The benefits. When I started the MBA I was already a Theory of Constraints / Lean zealot and I figured that to truly understand TOC/Lean I needed to understand the old paradigm(s). That was my original, noble, justification. Now I’m nearly finished I reckon that 90% of the knowledge was from the old paradigm(s) and on it’s own not particularily new to me or useful, but about 10% was useful, new, knowledge. The MBA covereded a very broad range of knowledge at – generally – a fairly high level.

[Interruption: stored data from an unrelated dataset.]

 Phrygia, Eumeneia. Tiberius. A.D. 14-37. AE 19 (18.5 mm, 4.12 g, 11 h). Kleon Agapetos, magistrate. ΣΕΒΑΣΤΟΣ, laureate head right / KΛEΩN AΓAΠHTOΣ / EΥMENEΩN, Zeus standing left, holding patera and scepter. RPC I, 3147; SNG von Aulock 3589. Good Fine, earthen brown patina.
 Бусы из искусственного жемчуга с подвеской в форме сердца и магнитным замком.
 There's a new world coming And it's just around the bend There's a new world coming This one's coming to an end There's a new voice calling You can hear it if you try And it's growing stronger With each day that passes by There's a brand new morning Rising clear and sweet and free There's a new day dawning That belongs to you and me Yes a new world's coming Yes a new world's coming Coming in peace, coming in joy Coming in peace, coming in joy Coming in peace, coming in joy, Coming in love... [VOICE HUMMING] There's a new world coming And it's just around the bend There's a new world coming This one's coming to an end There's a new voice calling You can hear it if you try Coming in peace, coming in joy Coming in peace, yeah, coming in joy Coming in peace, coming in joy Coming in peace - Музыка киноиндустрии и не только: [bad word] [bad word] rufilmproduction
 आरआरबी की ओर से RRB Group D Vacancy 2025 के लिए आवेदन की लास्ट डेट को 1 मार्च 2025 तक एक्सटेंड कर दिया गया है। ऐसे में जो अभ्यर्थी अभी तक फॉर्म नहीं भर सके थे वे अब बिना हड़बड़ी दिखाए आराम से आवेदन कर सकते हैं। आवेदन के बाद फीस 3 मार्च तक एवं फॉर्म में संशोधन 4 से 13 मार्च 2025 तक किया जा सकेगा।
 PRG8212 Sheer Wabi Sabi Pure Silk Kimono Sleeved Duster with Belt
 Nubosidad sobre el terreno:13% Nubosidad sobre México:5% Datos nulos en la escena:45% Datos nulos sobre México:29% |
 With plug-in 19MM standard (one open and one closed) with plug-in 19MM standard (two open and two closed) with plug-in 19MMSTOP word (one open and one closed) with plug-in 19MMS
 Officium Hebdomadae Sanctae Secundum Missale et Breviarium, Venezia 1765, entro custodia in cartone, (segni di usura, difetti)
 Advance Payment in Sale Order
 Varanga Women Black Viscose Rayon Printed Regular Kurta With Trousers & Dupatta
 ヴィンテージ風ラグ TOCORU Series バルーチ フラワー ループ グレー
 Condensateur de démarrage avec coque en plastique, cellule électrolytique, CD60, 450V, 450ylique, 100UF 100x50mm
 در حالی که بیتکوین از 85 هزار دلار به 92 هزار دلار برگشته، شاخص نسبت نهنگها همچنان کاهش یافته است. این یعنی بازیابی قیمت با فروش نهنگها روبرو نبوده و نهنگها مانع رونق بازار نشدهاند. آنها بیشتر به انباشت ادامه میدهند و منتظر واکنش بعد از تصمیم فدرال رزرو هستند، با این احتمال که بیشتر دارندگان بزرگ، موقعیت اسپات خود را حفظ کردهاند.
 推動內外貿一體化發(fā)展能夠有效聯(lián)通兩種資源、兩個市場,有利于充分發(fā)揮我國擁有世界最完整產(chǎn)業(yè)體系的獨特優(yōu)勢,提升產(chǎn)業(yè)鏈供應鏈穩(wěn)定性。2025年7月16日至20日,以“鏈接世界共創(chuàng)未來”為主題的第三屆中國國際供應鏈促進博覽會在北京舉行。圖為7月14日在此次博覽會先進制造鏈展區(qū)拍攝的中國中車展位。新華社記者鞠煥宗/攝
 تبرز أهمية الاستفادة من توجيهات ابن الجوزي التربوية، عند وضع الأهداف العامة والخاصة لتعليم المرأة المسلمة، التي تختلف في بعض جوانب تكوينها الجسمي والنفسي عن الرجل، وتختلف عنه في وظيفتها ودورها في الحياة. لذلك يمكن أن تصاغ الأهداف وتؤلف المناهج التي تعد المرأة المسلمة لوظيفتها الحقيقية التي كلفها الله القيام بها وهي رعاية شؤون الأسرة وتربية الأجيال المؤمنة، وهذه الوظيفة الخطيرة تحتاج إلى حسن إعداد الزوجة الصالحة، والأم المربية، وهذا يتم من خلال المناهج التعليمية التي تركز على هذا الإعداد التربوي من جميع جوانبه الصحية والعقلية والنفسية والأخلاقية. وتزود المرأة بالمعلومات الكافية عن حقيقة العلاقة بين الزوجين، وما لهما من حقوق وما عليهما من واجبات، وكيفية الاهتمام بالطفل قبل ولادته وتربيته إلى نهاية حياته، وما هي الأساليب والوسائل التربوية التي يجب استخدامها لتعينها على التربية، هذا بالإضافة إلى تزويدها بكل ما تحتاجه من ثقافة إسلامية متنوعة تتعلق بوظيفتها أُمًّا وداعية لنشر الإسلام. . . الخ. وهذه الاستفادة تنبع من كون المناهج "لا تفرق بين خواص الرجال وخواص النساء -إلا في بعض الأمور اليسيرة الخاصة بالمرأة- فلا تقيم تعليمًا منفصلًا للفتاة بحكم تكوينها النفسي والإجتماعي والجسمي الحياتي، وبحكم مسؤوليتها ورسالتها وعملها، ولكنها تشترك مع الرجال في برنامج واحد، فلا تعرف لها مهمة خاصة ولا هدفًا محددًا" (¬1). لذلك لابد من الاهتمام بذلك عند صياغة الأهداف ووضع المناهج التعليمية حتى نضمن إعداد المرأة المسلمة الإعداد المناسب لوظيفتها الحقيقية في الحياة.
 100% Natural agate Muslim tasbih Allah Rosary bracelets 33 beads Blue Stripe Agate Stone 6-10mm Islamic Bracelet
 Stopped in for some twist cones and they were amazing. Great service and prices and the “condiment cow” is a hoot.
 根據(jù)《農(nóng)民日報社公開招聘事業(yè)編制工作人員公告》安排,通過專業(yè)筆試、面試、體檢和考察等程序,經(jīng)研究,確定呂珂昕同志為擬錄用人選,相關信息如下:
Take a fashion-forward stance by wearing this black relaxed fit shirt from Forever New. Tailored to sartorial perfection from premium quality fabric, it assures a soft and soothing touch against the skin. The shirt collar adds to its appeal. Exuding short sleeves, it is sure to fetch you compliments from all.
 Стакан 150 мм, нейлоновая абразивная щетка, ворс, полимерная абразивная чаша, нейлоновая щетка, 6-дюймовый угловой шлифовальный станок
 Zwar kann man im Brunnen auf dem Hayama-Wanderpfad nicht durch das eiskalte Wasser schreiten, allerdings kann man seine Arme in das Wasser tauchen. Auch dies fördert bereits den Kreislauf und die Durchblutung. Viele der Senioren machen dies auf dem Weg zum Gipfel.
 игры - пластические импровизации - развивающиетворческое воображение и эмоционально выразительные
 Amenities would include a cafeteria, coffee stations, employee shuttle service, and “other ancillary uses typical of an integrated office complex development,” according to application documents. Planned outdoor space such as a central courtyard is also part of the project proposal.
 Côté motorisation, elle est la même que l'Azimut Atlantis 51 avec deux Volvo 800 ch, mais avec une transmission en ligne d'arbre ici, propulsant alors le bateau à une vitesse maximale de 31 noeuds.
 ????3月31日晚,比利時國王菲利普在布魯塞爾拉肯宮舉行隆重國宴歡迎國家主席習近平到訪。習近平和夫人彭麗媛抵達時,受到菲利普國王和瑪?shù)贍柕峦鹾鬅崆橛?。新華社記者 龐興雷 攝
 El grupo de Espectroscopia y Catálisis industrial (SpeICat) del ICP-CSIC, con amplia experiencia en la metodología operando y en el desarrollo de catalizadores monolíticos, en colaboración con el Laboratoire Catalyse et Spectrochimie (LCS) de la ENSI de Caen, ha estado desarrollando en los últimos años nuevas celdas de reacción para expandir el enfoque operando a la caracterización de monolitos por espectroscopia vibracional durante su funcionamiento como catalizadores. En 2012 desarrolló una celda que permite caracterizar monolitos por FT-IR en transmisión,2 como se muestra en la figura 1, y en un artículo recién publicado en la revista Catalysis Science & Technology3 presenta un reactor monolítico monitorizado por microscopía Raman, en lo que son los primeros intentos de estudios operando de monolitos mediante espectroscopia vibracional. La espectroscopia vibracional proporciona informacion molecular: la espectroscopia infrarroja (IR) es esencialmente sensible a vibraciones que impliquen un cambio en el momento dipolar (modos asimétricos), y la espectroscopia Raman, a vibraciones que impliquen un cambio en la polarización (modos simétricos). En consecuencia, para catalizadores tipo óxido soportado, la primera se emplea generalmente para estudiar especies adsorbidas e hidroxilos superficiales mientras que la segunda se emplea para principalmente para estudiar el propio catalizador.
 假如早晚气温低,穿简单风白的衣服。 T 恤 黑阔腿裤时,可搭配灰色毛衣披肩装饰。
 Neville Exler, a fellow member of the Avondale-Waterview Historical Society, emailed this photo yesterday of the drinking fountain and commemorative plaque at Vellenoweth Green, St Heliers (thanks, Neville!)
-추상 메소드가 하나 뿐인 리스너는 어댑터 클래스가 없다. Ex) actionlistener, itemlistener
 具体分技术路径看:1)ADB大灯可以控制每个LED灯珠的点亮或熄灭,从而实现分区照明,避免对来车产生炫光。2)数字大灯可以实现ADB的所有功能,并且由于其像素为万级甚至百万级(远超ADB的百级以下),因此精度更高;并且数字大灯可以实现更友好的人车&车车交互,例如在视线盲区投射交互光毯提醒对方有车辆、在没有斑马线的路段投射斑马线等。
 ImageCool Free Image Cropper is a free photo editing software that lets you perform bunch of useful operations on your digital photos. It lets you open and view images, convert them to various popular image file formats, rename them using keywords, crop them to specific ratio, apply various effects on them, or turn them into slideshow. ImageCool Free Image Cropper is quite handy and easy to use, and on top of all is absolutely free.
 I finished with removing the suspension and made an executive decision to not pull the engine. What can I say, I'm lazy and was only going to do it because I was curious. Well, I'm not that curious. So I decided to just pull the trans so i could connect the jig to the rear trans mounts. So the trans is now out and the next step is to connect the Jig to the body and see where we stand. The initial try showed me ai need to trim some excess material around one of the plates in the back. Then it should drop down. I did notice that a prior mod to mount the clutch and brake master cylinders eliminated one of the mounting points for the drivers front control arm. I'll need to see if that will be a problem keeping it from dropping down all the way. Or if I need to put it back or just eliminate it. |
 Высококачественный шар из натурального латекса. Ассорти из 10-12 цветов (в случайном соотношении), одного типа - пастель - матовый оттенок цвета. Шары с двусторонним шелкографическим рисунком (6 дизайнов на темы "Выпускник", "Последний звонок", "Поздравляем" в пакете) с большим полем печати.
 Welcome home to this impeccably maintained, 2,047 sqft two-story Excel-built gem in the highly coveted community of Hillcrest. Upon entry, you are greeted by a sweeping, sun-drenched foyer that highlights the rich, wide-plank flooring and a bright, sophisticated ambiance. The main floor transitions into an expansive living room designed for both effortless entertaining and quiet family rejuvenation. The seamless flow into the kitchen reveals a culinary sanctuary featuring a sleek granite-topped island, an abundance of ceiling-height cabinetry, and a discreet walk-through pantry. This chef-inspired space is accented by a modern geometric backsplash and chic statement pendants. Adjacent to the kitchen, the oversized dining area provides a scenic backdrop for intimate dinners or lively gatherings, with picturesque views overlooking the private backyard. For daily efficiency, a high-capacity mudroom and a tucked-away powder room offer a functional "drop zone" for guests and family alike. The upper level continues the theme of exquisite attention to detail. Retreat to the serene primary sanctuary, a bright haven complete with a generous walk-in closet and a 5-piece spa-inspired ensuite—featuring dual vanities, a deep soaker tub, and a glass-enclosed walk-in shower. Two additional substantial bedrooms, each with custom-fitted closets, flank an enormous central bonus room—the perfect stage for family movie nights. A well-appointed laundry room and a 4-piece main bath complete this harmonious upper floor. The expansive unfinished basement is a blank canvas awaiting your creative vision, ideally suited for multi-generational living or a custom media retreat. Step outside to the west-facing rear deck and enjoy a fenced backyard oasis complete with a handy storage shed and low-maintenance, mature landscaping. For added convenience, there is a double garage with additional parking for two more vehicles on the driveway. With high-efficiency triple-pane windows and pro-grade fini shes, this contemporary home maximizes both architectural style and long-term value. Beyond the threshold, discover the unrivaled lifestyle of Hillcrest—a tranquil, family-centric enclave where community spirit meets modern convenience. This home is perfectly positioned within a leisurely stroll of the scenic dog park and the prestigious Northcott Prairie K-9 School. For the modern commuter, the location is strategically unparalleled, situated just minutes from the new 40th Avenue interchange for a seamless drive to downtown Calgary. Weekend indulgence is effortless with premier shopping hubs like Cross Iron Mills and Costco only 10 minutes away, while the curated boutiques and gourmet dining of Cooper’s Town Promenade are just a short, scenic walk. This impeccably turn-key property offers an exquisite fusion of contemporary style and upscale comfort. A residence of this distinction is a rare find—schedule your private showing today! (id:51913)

We’ve covered the basics - HR, finance, structure, culture, strategy etc - and (since I specialised in technology management) subjects such as operations, product development, lean thinking, quality, knowledge management, complexity, creativity, etc but really only at a level that allows the “ignorant and confident” to talk convincingly without really understanding.
They never mentioned Theory of Constraints once.
I’ve done it part time, by distance-learning so I have spent a lot of time reading – and memorising – by myself. The occasional “group work” usually turned into p*ss*ng competitions between the MBAers already working as management consultants: more entertaining to watch than participate in.
The most useful part has been doing my dissertation. The process has been painful, long-winded and unnecessarily acadmic at times - even though it is supposed to provide useful "informed consultantcy" to my employer. In fact it could have been fairly pointless and dire but I used TOC to work on a topic of great importance to me. You've seen some of the trees and thinking in this web and - once I've printed and posted the dissertation - I'm going to polish the work I've done so far and take it through to completion.
My writing is better than it used to be, although far from perfect. My ability to talk in buzzwords is better, although my colleagues are very helpful in limiting this new skill (competency?) . My spelling hasn’t improved at all.
Ultimately the most important question should be: would the MBA make me a better manager/leader? By itself, I doubt it. But adding the credability of an MBA to my TOC, Lean and now Agile knowledge and I think it will. (BTW: I know a lot of MBAed managers who are complete pillocks).
Finally, I honestly believe I learned more about managing people and software projects during my two day Scrum Master training than in the first two MBA years. Beat that.